**Stored data**:
--- START ---

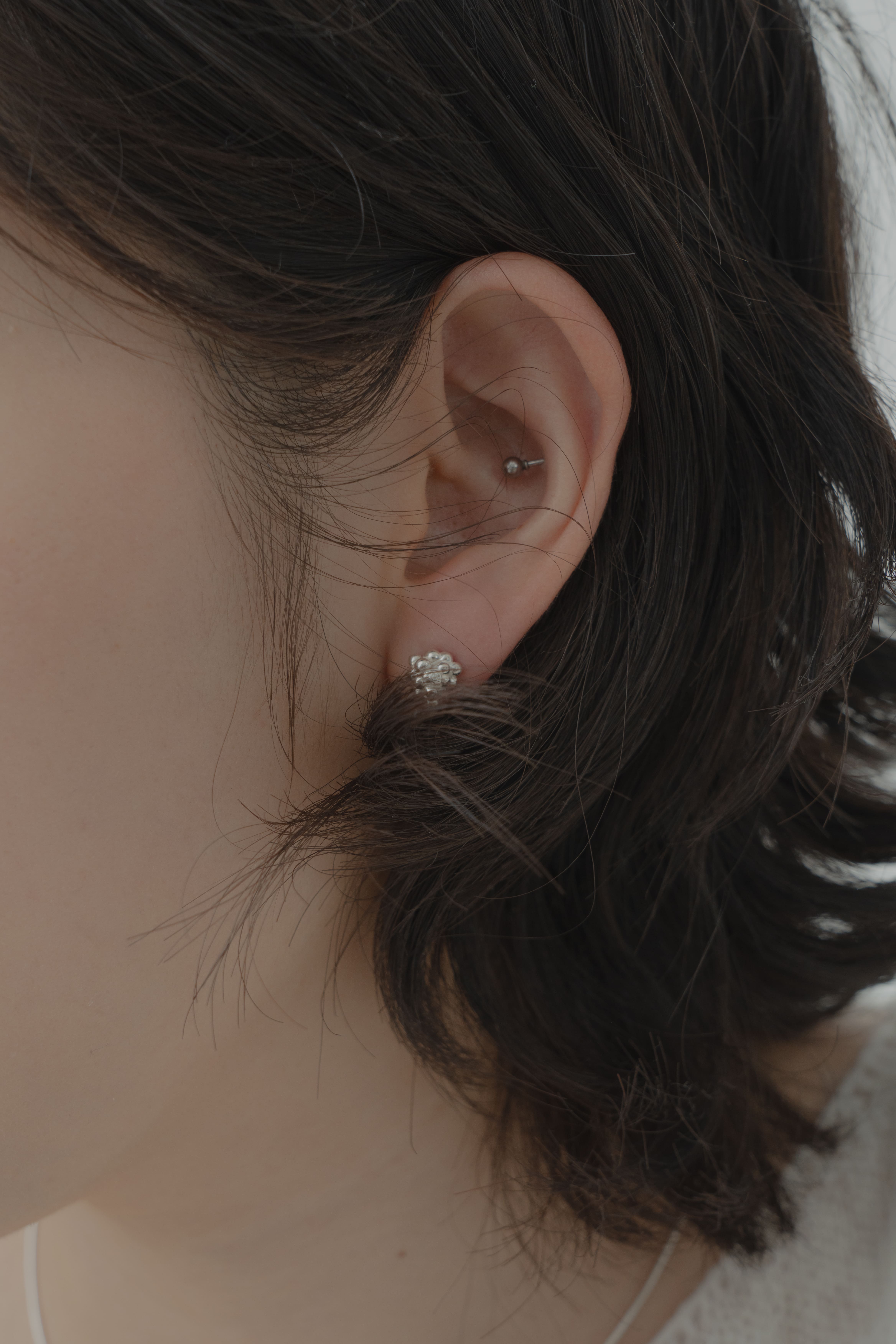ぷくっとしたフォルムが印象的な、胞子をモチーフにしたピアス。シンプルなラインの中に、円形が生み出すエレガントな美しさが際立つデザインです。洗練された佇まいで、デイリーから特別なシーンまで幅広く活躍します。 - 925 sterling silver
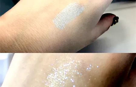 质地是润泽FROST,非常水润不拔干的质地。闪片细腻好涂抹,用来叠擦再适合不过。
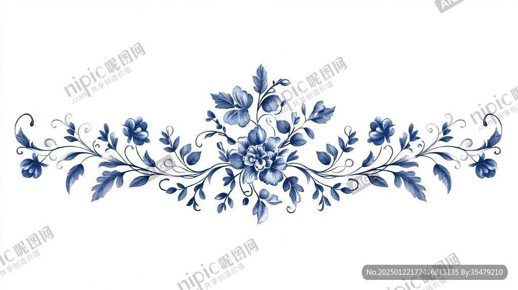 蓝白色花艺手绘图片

--- END ---

**Task directions**:
Leaving every picture out, write out exactly the lines from the one that holds "质地是润泽FROST,非常水" through the end of the listing, both included.

**Output**:
 质地是润泽FROST,非常水润不拔干的质地。闪片细腻好涂抹,用来叠擦再适合不过。
 蓝白色花艺手绘图片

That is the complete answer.